Military

The Falkland Islands War:  Winning With Infantry
AUTHOR - Major Vincent R. Leone, Jr., USMC
CSC 1991
SUBJECT AREA - Operations
                        EXECUTIVE SUMMARY
TITLE: THE FALKLAND ISLANDS WAR: WINNING WITH INFANTRY
I. INTRODUCTION:  The Falkland Islands War was the first
amphibious and naval air war conducted in the missile age.
Both sides were equipped with similar high-tech weapons which
produced significant ship and aircraft loses. However, in an
age of high performance aircraft, missiles, and nuclear
submarines, the decisive battles were determined, not by
modern weapons, but by infantry closing with and destroying
the enemy with rifle and bayonet.
II. GENERAL:  On 2 April 1982, Argentina invaded the Falkland
Islands, located 300 miles off the mainland. The claim to the
islands has been in dispute for 150 years. The islands were
easily seized since the defense force numbered only 79
British Royal Marines. The British responded by putting
together an amphibious task force and landed at Port San
Carlos, on 21 May 1982. Lacking air superiority, and
helicopter assets, most of the landing force had to go on
foot to attack the key mountains to the west of the main
Argentinian force in Stanley. After several successful night
attacks, through tough terrain and mine fields, the British
captured the approaches to Stanley. The Argentinians saw that
they could not match the fighting spirit of the British
infantry and surrendered on 14 June 1982.

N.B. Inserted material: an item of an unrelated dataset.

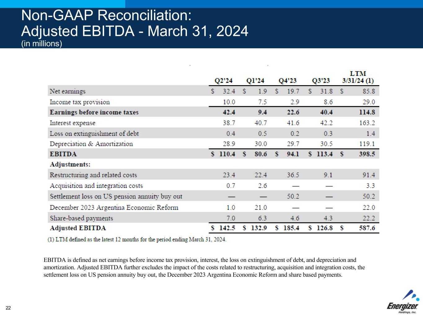 Non-GAAP Reconciliation: Adjusted EBITDA - March 31, 2024 (in millions) EBITDA is defined as net earnings before income tax provision, interest, the loss on extinguishment of debt, and depreciation and amortization. Adjusted EBITDA further excludes the impact of the costs related to restructuring, acquisition and integration costs, the settlement loss on US pension annuity buy out, the December 2023 Argentina Economic Reform and share based payments. 22

III. CONCLUSION:  Old lessons were relearned in the Falkland
Islands War.  It showed that good training is the best weapon
of the infantryman and that supporting arms can be the
decisive factor in allowing infantry to accomplish its
mission.  It is significant that in this age of increased
mobility, the ability to move over land by foot became the
tactical advantage of the war.
        THE FALKLAND ISLANDS WAR: WINNING WITH INFANTRY
                                OUTLINE
Thesis Statement: In an age of electronic warfare, missiles,
high performance aircraft, and nuclear submarines, the
decisive battles of the Falkland Islands war were determined,
not by modern technology, but by infantry closing with and
destroying the enemy with rifle and bayonet.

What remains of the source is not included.